— Assignment —
Transcribe each line of the material as it is, and drop any picture.

— Records to use —
────────

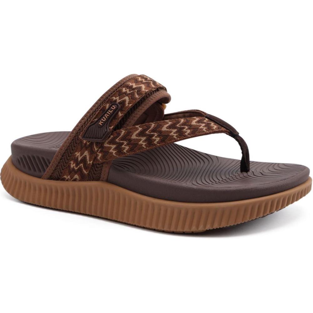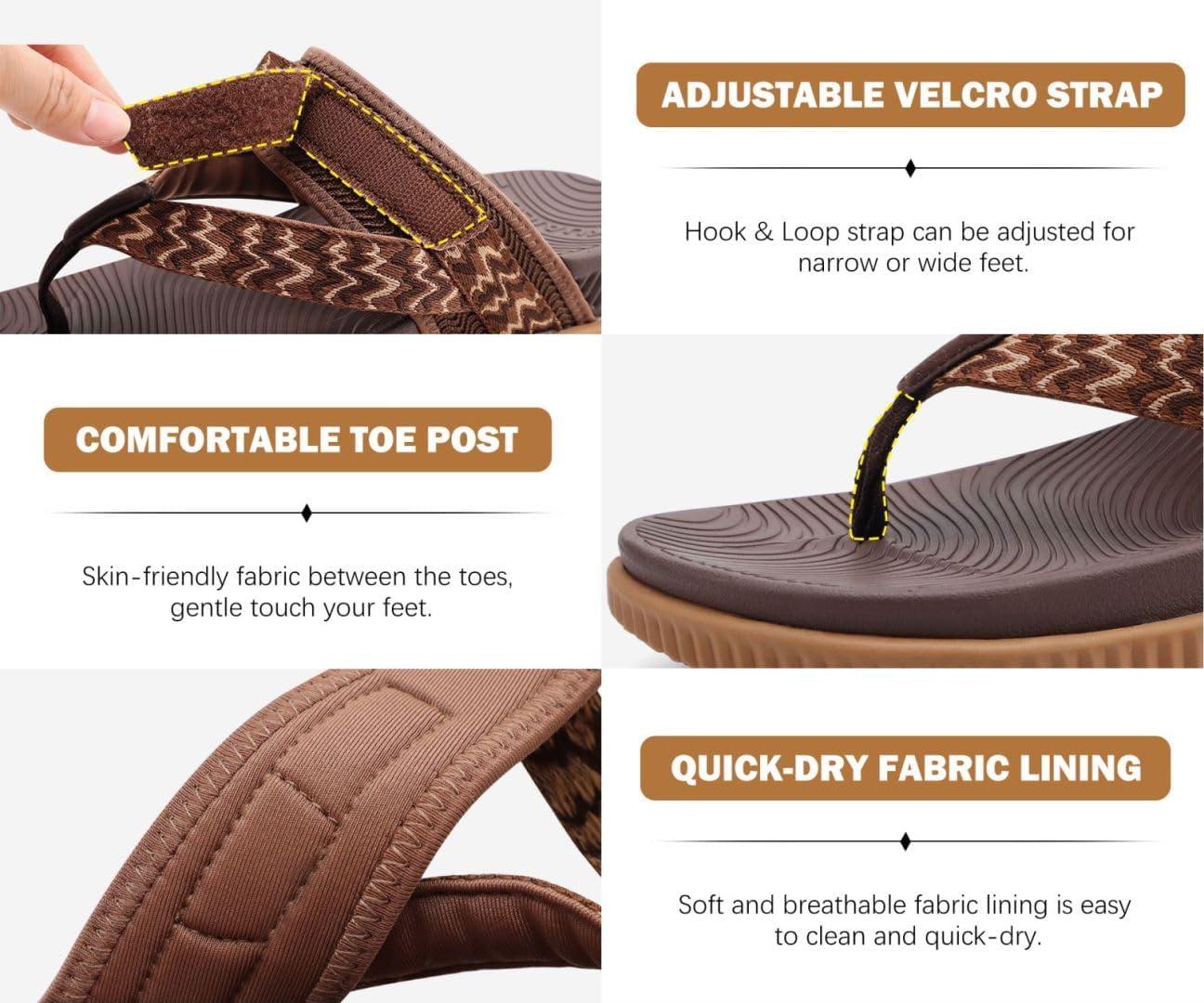 KuaiLu Womens Orthopedic Flip Flops With Arch Support Adjustable Thick Athletic Cushion Recovery Walking Sandals For Woman Ladies Fashion Comfortable Flip-Flop Slides, Water Resistant & Lightweight(Brown Khaki)
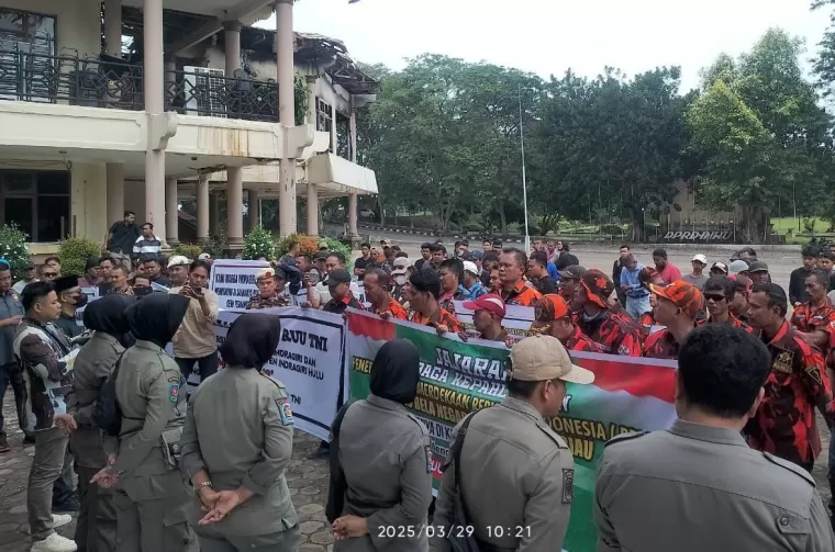 Laksamana.id | Inhu - Aliansi Mahasiswa bersama sejumlah organisasi masyarakat di Kabupaten Indragiri Hulu melakukan aksi damai di Kantor DPRD Indragiri Hulu, Sabtu (29/03/25).
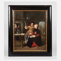 Prägemarke, Jahreszeichen H, 1908, geritzte Nummer 1842 - 13 1/2, signiert E. Scherf, große Porzellanbildplatte mit allerfeinster Bemalung, Selbstportrait des Künstlers mit seiner Frau Isabella de Wolff in einer Taverne, in einer schwarzen Lackleiste mit goldreliefiertem Innenrand gerahmt, dieser etwas restaurierungsbedürftig, Platte in sehr gutem Zustand, Maße Platte 51,5 x 42,5 cm, Gesamtmaß 62 x 53 cm.
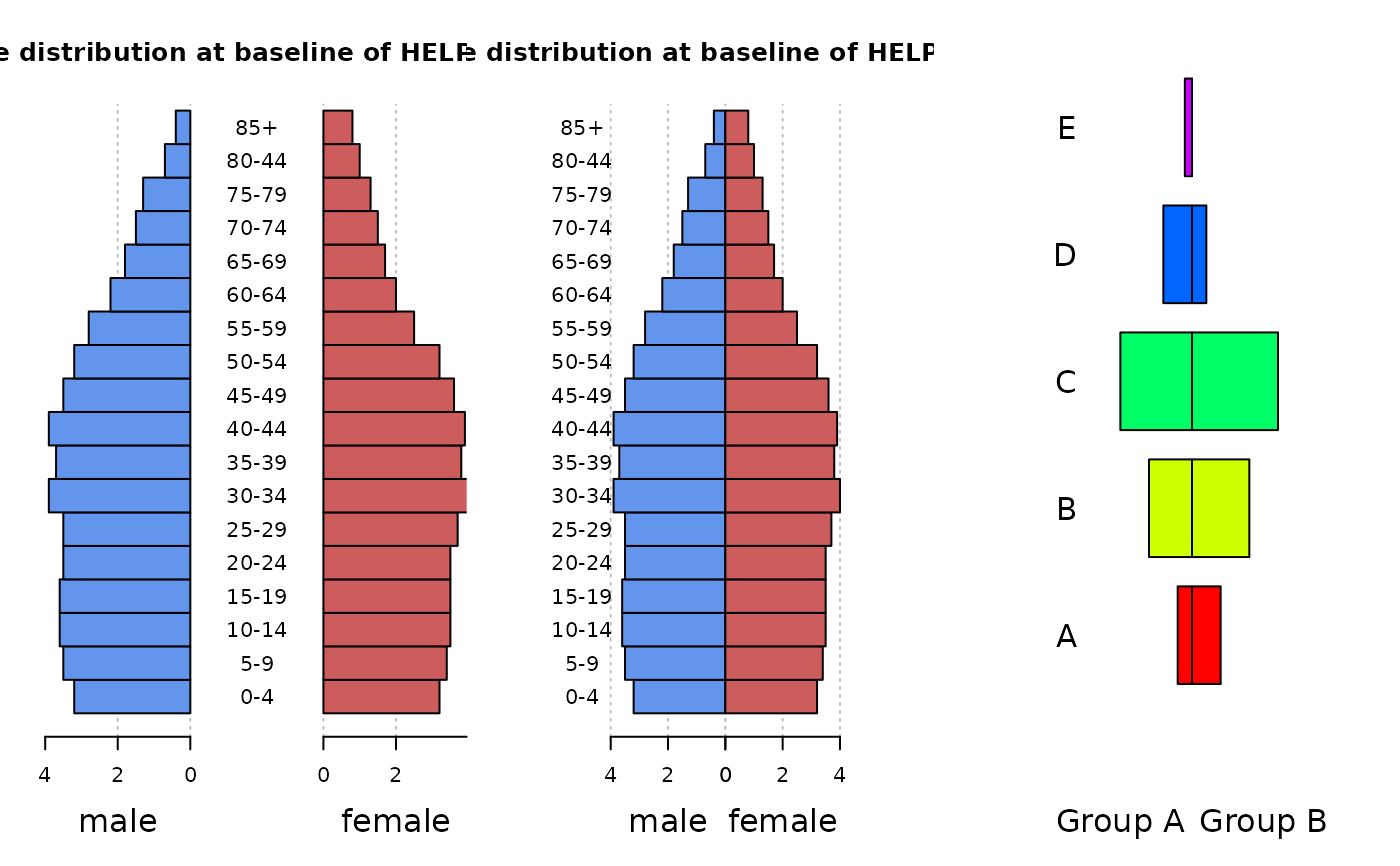 PlotPyramid.RdPyramid plots are a common way to display the distribution of age groups.
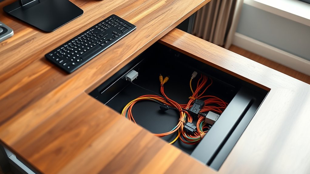 Think of cable trays as the steady keel of a ship; they keep everything balanced. They don’t directly affect desk height adjustments, but if installed improperly or too bulky, they can interfere with your movement. I’ve found that choosing slim, adjustable trays helps maintain flexibility, allowing you to raise or lower your desk comfortably. Proper placement guarantees your workspace stays ergonomic without sacrificing style or functionality.
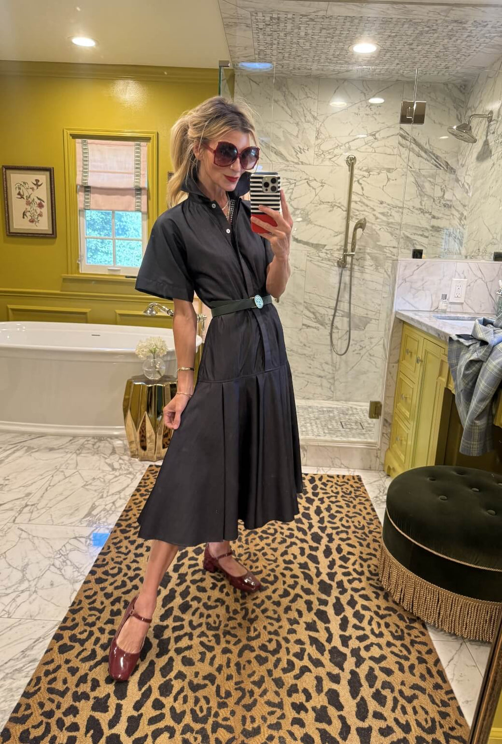 To completely change the silhouette of the Drop Waist Dress, add your favorite belt. We love it with a dark leather option but feel free to add a contrast color for an unexpected pop!

────────

— Answer to this problem —
 KuaiLu Womens Orthopedic Flip Flops With Arch Support Adjustable Thick Athletic Cushion Recovery Walking Sandals For Woman Ladies Fashion Comfortable Flip-Flop Slides, Water Resistant & Lightweight(Brown Khaki)
 Laksamana.id | Inhu - Aliansi Mahasiswa bersama sejumlah organisasi masyarakat di Kabupaten Indragiri Hulu melakukan aksi damai di Kantor DPRD Indragiri Hulu, Sabtu (29/03/25).
 Prägemarke, Jahreszeichen H, 1908, geritzte Nummer 1842 - 13 1/2, signiert E. Scherf, große Porzellanbildplatte mit allerfeinster Bemalung, Selbstportrait des Künstlers mit seiner Frau Isabella de Wolff in einer Taverne, in einer schwarzen Lackleiste mit goldreliefiertem Innenrand gerahmt, dieser etwas restaurierungsbedürftig, Platte in sehr gutem Zustand, Maße Platte 51,5 x 42,5 cm, Gesamtmaß 62 x 53 cm.
 PlotPyramid.RdPyramid plots are a common way to display the distribution of age groups.
 Think of cable trays as the steady keel of a ship; they keep everything balanced. They don’t directly affect desk height adjustments, but if installed improperly or too bulky, they can interfere with your movement. I’ve found that choosing slim, adjustable trays helps maintain flexibility, allowing you to raise or lower your desk comfortably. Proper placement guarantees your workspace stays ergonomic without sacrificing style or functionality.
 To completely change the silhouette of the Drop Waist Dress, add your favorite belt. We love it with a dark leather option but feel free to add a contrast color for an unexpected pop!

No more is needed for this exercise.